Temporal and lateral electron pulse compression by a compact spherical electrostatic capacitor

• We propose a new method for spatial and temporal compression of ultrafast electron pulses.
• Compact in-line construction is based on the idea of the spherical electrostatic capacitor (α-SDA).
• It is free of chromatic, geometrical and temporal aberrations after 2π deflection.
• Contrary to other methods it enables time reversal of the pulse with static electric fields only.
• Spatial and temporal focus can be independently fine-adjusted at the target position.

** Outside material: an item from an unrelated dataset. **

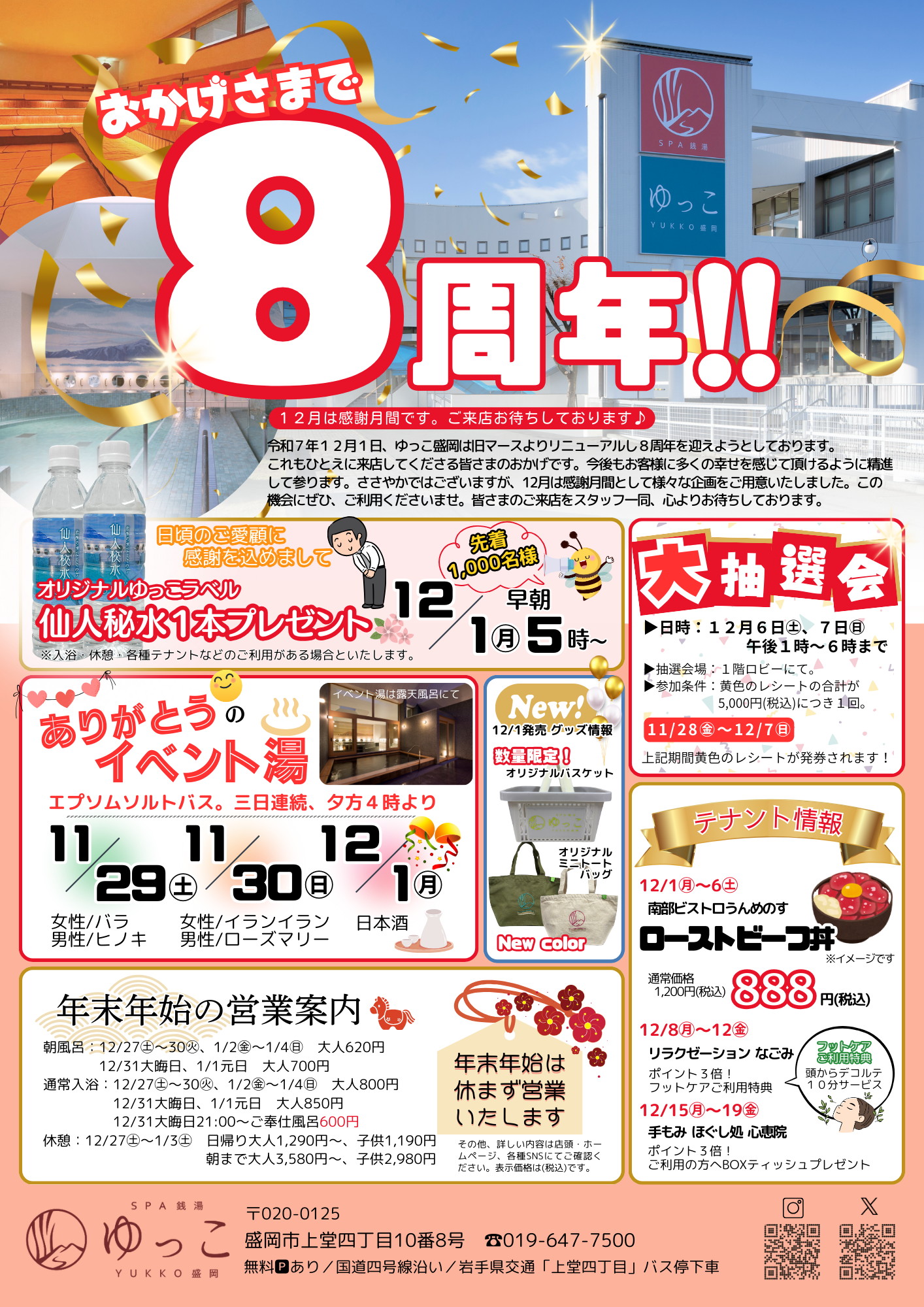 令和7年12月1日、ゆっこ盛岡はリニューアル8年を迎えます。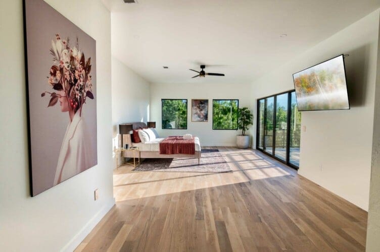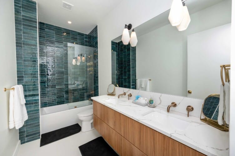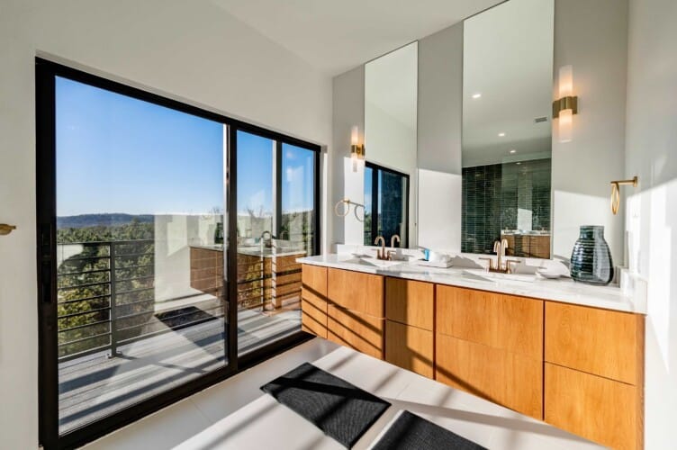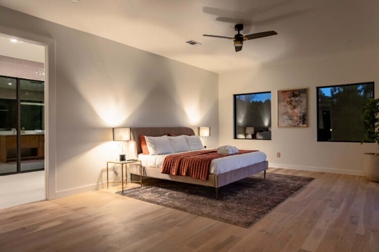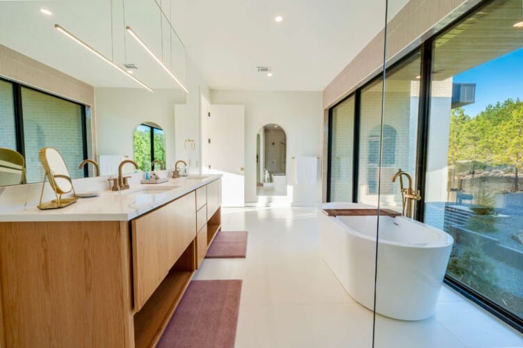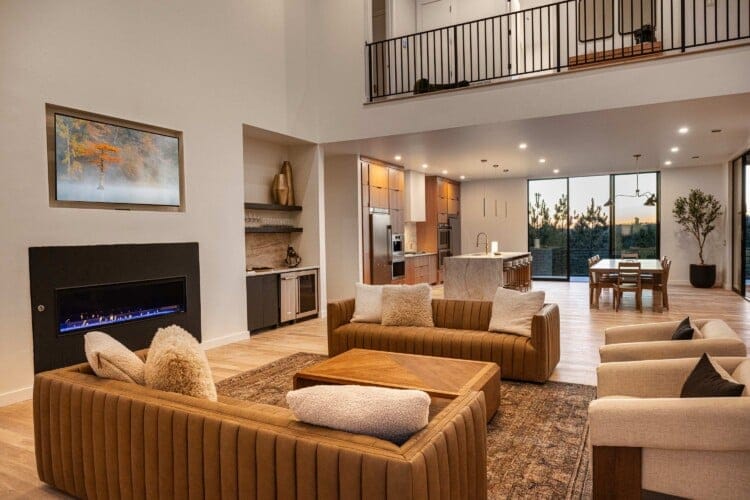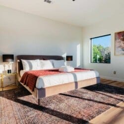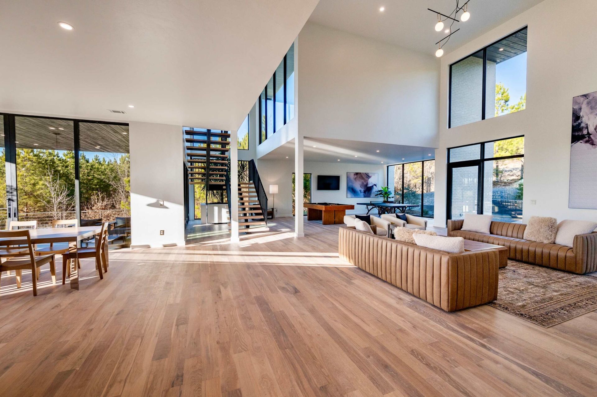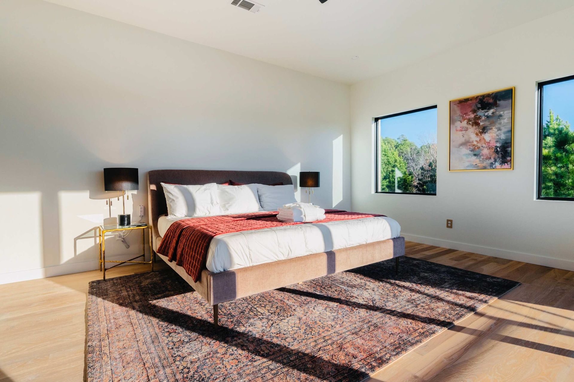 The Jade isn’t just about comfort—it’s about bringing people together. There’s plenty of space for everyone, with soft couches and a dining area that’s perfect for sharing stories over dinner. The Jade also has a game room that kids and adults will love. The pool table and ping pong table are always ready for friendly matches, and the view out the windows makes it even better. Even on rainy days, there’s never a dull moment at The Jade. If you need some quiet time, you’ll find it easy to relax in any of the five bedrooms. The Jade features a master suite with a king-size bed and a private bathroom that feels like your own personal spa. For families or groups with kids, the bunk room is a favorite, offering four queen beds and easy stairs to the upper bunks, making sleepovers fun and comfortable. Upstairs, The Jade continues to impress with more king bedrooms, each with its bathroom and balcony. These spaces are private and peaceful, perfect for sipping coffee in the morning or enjoying the mountain air before bed. The bathrooms at The Jade feature soaking tubs and rainfall showers, ensuring every guest enjoys a little luxury during their stay.

A novel solution for high intensity electron pulse compression in both space and time is proposed in this paper. Based on the unique properties of the central-force electrostatic field of a spherical electrostatic capacitor, the newly developed α-Spherical Deflector Analyzer (α-SDA) with 2π total deflection is utilized for the practical realization of femtosecond electron pulse compression. The mirror symmetry of the system at π deflection causes not only the cancellation of the geometrical and chromatic aberrations at 2π, but also leads to aberration-free time reversal of the electron pulse in the exit plane. As a consequence, the time-divergent electrons at the input are transformed to a time-convergent pulse at the output. In the symmetric case with the first time compression exactly at π, the shortest electron pulse behind the α-SDA analyzer is a mirror symmetric to the original electron pulse at the photocathode. It results in extremely short final electron pulses that are limited only by the duration of the laser pulse, the emittance of the electron bunch, and by imperfections of the real system.